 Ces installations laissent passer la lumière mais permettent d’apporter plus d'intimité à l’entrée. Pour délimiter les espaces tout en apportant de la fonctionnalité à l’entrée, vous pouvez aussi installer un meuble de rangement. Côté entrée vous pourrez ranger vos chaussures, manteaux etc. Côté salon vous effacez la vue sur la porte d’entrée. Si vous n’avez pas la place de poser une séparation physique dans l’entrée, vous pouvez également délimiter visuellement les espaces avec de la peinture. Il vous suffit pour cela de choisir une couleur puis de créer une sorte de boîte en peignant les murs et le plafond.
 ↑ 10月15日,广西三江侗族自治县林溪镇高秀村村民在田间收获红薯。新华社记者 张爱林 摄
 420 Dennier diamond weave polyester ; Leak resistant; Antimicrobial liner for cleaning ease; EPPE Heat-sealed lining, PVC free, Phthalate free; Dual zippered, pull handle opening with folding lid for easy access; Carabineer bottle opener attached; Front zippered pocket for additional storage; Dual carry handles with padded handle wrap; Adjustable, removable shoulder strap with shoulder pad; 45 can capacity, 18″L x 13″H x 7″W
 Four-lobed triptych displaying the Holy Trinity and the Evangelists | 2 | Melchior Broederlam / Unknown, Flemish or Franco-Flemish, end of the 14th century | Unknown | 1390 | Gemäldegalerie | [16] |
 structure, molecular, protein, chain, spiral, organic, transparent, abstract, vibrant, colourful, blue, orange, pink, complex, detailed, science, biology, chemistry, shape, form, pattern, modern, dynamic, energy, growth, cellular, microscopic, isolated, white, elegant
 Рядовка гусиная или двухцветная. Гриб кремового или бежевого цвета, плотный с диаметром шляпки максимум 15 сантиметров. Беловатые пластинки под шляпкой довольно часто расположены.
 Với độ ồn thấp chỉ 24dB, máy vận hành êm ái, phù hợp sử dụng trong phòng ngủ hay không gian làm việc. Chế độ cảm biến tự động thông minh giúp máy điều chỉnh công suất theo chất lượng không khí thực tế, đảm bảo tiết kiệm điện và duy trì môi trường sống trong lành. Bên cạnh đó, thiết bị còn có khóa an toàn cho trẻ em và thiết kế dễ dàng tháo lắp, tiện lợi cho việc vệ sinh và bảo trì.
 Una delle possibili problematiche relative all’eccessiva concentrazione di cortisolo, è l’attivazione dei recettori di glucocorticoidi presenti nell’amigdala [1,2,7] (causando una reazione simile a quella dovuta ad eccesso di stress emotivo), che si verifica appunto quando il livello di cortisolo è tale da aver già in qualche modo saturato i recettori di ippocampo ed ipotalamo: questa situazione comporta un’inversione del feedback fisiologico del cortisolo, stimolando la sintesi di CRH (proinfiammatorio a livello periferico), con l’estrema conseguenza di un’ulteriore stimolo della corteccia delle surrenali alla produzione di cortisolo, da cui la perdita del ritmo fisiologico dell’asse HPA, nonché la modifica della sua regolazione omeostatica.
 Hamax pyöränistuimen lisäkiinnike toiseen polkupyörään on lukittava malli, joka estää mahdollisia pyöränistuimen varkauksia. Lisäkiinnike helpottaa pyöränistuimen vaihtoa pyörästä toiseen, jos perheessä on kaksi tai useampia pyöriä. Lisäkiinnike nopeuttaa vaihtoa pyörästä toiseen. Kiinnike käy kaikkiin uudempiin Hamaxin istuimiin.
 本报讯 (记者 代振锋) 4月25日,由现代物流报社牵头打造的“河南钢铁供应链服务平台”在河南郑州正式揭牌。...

Task to complete ▸
Retype exactly the line with "Hamax pyöränistuimen lisäkiinnike" and each line after it until the records end, and include no other line.

Output below ▸
 Hamax pyöränistuimen lisäkiinnike toiseen polkupyörään on lukittava malli, joka estää mahdollisia pyöränistuimen varkauksia. Lisäkiinnike helpottaa pyöränistuimen vaihtoa pyörästä toiseen, jos perheessä on kaksi tai useampia pyöriä. Lisäkiinnike nopeuttaa vaihtoa pyörästä toiseen. Kiinnike käy kaikkiin uudempiin Hamaxin istuimiin.
 本报讯 (记者 代振锋) 4月25日,由现代物流报社牵头打造的“河南钢铁供应链服务平台”在河南郑州正式揭牌。...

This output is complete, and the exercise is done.